These pellicles can be considered dynamic systems, and they appear to undergo
continual remodeling either by chemical or enzymatic modification of adsorbed
molecules or through complexing with additional molecules. Remodeling processes may
be mediated by host, or microbial enzymes, environmental pH, or ionic concentration.
Tissue components involved in these interactions can be derived from adhesions or
receptors of host cell and microbial origin. Since pellicle formation is the outcome of
chemical nature of biomaterial surface, biocompatible materials are designed to alter
composition of biological pellicle, which is achieved by using entirely new materials,
modifying the surface of existing materials, or coupling specific biologic molecules to the
surface of a material (a designed pellicle). 9
The oral environment is unique in that it is the only area of the body where
biomaterial are routinely placed for long-term use in a nonsterile environment.

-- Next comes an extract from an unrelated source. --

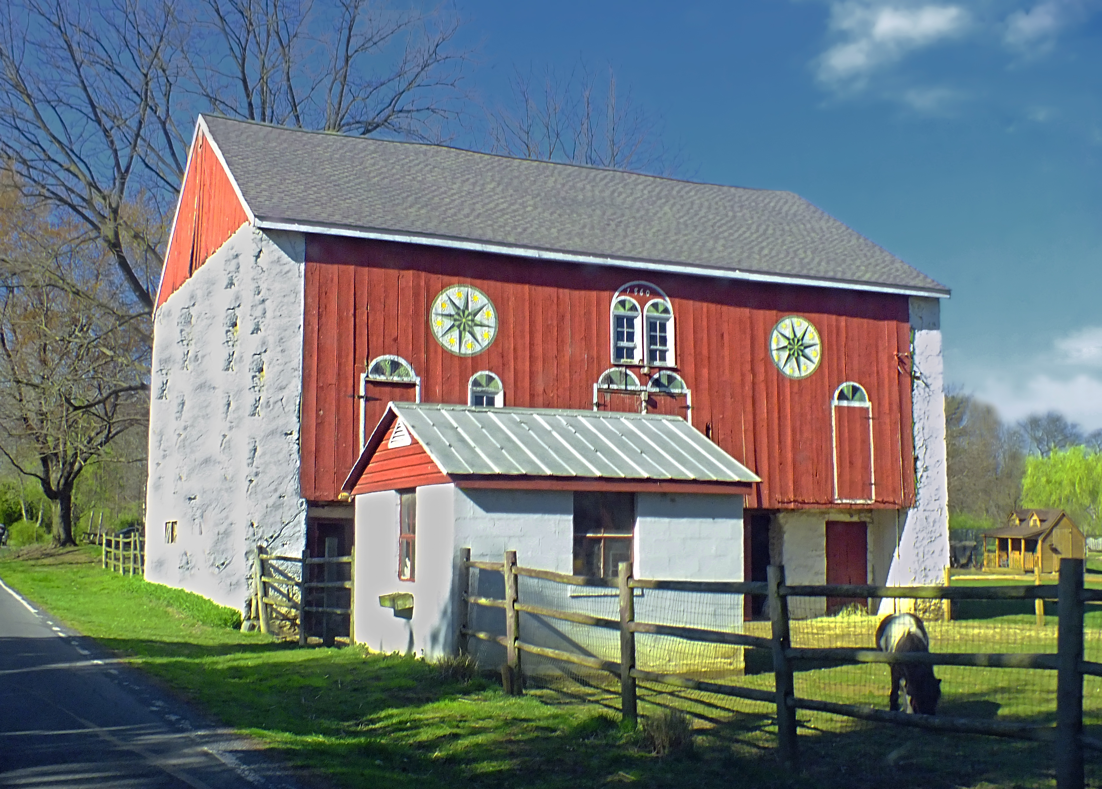 Pennsylvania German–style barn, Maxatawny Township, Berks County.

Colonization of oral biomaterial and oral surfaces by various microorganisms is routine.
Most oral bacteria display distinct tropisms for colonizing specific oral surfaces. Its
determined by compositional differences in pellicles. Streptococcus sanguis,
streptococcus mutans, and actinomyces viscos preferentially colonize tooth surfaces,
where as streptococcs salivorius and candida albicons mainly colonize the tongue
dorsum. Staphylococcus epidermidis preferential colonize polymer biomaterials, and
staphylococcus aureus is frequently the major pathogen cultured from metal implants
associated with bone, joint and soft tissue infections. Significantly lower numbers of
A.viscosus were found to bind to saliva coated titanium than to saliva coated enamel, this
suggest that microbial colonization may differ-on implant surfaces.
These correlation provide evidence for the fact that bacteria possess a recognition
system that is capable of interacting with specific molecules on a biomaterial surface.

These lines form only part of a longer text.